Actor David Hyde Pierce felt helpless while watching two loved ones succumb to Alzheimer's disease. Here, he shares his family's struggle and why his advocacy work gives him new hope.
David Hyde Pierce still remembers his dad's reaction to his Emmy Award in 1995. "He said, 'Oh, I can't wait to tell your mother.' He was so happy about it, but my mom had passed away. I remember being struck by that and thinking, Well, that's absolutely fine. As far as he's concerned, she's still here."
It was, unfortunately, a familiar moment for the Frasier star. He had already watched his grandfather battle Alzheimer's disease, the most common type of dementia—a condition in which brain nerve cells die, causing changes in memory, behavior and thinking. And it was one of the experiences that turned David into a passionate advocate for the search to find a cure for the debilitating disease, which is the fifth leading cause of death among those 65 and older in the U.S.
A cruel disease
George Pierce, David's father, had heart surgery and suffered a stroke, which affected his memory, peripheral vision and judgment. He started to show signs of dementia, but David's mom, Laura, took over many of the tasks he normally handled. After Laura passed away a few years later, George moved in with David's brother and his family. Over time, George's condition worsened. "My brother or his wife would have to miss work or the kids would have to miss school because my dad was unable to be by himself for any length of time," recalls David. "They'd leave him a note that said, Dad, going to the store, be back in 20 minutes.
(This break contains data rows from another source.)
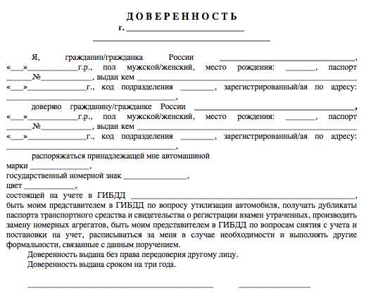 Доверенность на утилизацию автомобиля
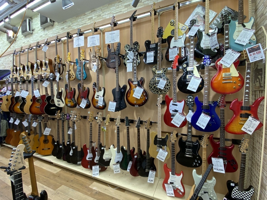 地域屈指の楽器強化店でギター、ベースなど常に60本以上展示しております。
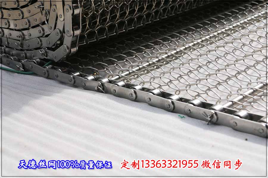 在食品、肉類行業(yè)中我們采用什么結(jié)構(gòu)形式的不銹鋼網(wǎng)帶比較多呢?今天我們?yōu)榇蠹襾矸治鲆幌拢? 不銹鋼網(wǎng)帶的結(jié)構(gòu)形式有鏈條輸送帶、鏈板輸送帶、鏈桿輸送帶、人字輸送帶、螺旋輸送帶、雙旋輸送帶、乙型輸送帶、長(zhǎng)城輸送帶等等,在食品行業(yè)中、肉類、蔬菜行業(yè)中通常采用鏈條輸送帶的比較多,雞肉速凍機(jī)不銹鋼網(wǎng)帶也可以采用鏈條輸送帶來傳送。這種輸送帶成本相對(duì)較低,透氣性高,采用齒輪鏈條傳送,在整個(gè)運(yùn)輸過程中不會(huì)出現(xiàn)輸送帶跑偏的現(xiàn)象。在選擇定制鏈條輸送帶的規(guī)格時(shí)候,要根據(jù)我們輸送雞肉的載重量和雞肉塊的大小來決定。

He might have read it but would completely forget and be in a panic about where they were. Everything became a crisis."
When it proved impossible to care for George at home, the family moved him to a nearby assisted living facility. One weekend, George came down with the flu and passed away. Although David and his family were devastated, they were relieved that George still recognized everyone. "We knew what we'd been spared," he says.
That's because David's maternal grandfather, Rod, had suffered from Alzheimer's as well. David's grandmother, Mildred, tried to care for him at home. When he began wandering out of the house, Mildred was forced to move Rod to a nursing home. David still grieves for his grandparents' emotional loss. "To be married for 50 years and…to have your spouse not know who you are and become belligerent day after day with no letup—that's quite a cruel form of torture," he says.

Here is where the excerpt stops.